А сколько немцев я укокошил во Франции? Пятнадцать? По-моему, двадцать три человека. „Здорово“, — сказал наш полковник. И спал я всегда крепко, и ни один из немцев мне во сне не являлся, никто из них моей совести не побеспокоил. И даже матери их или жены с маленькими детьми не приставали ко мне ни во сне. ни перед пробуждением. Как там у нас это было — на Арагонских высотах? Немцы засели в пулеметном гнезде. Черт побери, крепко же держались! Нас было две роты полного состава, а пробиться мы не могли. Но вот у них кончились патроны. Они замахали белой тряпкой. Осталось их там одиннадцать человек, этих железных парней. Мы — туда! Все они подняли руки. Они нам улыбались. Они были честными воинами. И видели в нас достойного противника. А мы их перекололи и перерезали как скот. А у того, кто особенно усердствовал, не пожалев даже раненых, фамилия была Штейнгофер. Родился в Германии и в Штаты переехал всего лишь семнадцати лет от роду. Его родители, братья и сестры и по сей день живут в Германии. Но как раз он-то и был особенно безжалостным. Несколько человек умоляли сохранить им жизнь, у них, мол, много детей. И что же наш молодец Штейнгофер этим многодетным отцам ответил? Ведь что-то такое он им крикнул? Ну, низость какую-то, а потом заколол штыком. По-моему, его наградили медалью.

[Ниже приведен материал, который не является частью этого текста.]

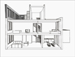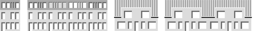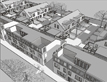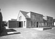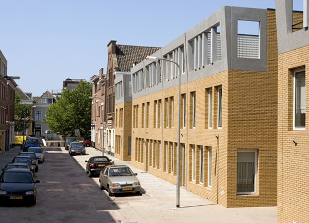Kleinschalige hofjes in contrast met het grote bouwblok. De hofjes hebben een dorpse sfeer door de kwartetwoningen met brede voortuinen. Flexibiliteit is het thema voor de stadswoningen. De stedenbouwkundig vereiste derde laag wordt beperkt ingevuld. De lichte trapombouw is een eerste aanzet tot zelfbouwactiviteiten. De formele schijngevel schermt deze af van de straat. |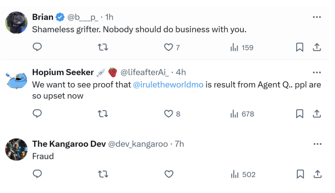 不过,网友似乎对 Agent Q 并不买账。大家关心更多的还是他们是否真的借「草莓哥」账号炒作的事情,甚至有些人称他们为无耻的骗子。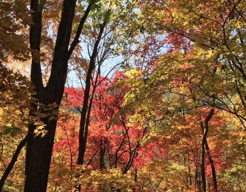 关门山森林大峡谷,在枫叶满山时,4月份去的,人不多,很舒服很惬意。穿梭在林间,走走停停拍拍,累了还有电屏车,不过走路没多久。之后可以去小市喝羊汤吃饭。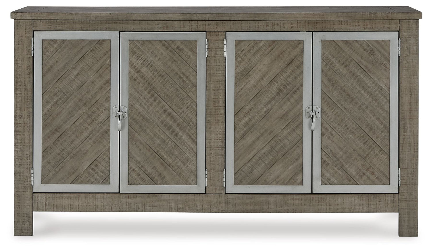 The use of mixed materials on this urban-inspired double buffet makes it a true statement piece. Made of wood with metal accents, this buffet features two spacious cabinets, each with an adjustable shelf and metal framed doors with trend-right window latches. A complex blend of stains and glaze create a weathered gray finish for a relaxed and harmonious update to your home.

А тогда откуда-то появился английский офицер связи и увидел своими глазами, как приканчивали последних немцев, которые совершенно не сопротивлялись. Англичанин крикнул нам: „Дёрти доге[3], где ваша совесть?“ Но если даже Штейнгофер не устыдился, если множество его земляков не устыдились, которые после объявления войны возжелали немецкой крови больше, чем самый кровожадный джинго[4], мне-то чего было стыдиться? Моя совесть никогда из-за тех немецких парней не ныла, а уж у Штейнгофера тем более. Почему же ей обеспокоиться сегодня из-за этого хиляка Куртина? Если он мертв, совесть успокоится. Совесть лишь тогда забьется, как в силках, когда мне будет угрожать каторжная тюрьма или за спиной станет палач с петлей. Когда ты оправдан по суду или отсидел свое, убитый тебе больше не является.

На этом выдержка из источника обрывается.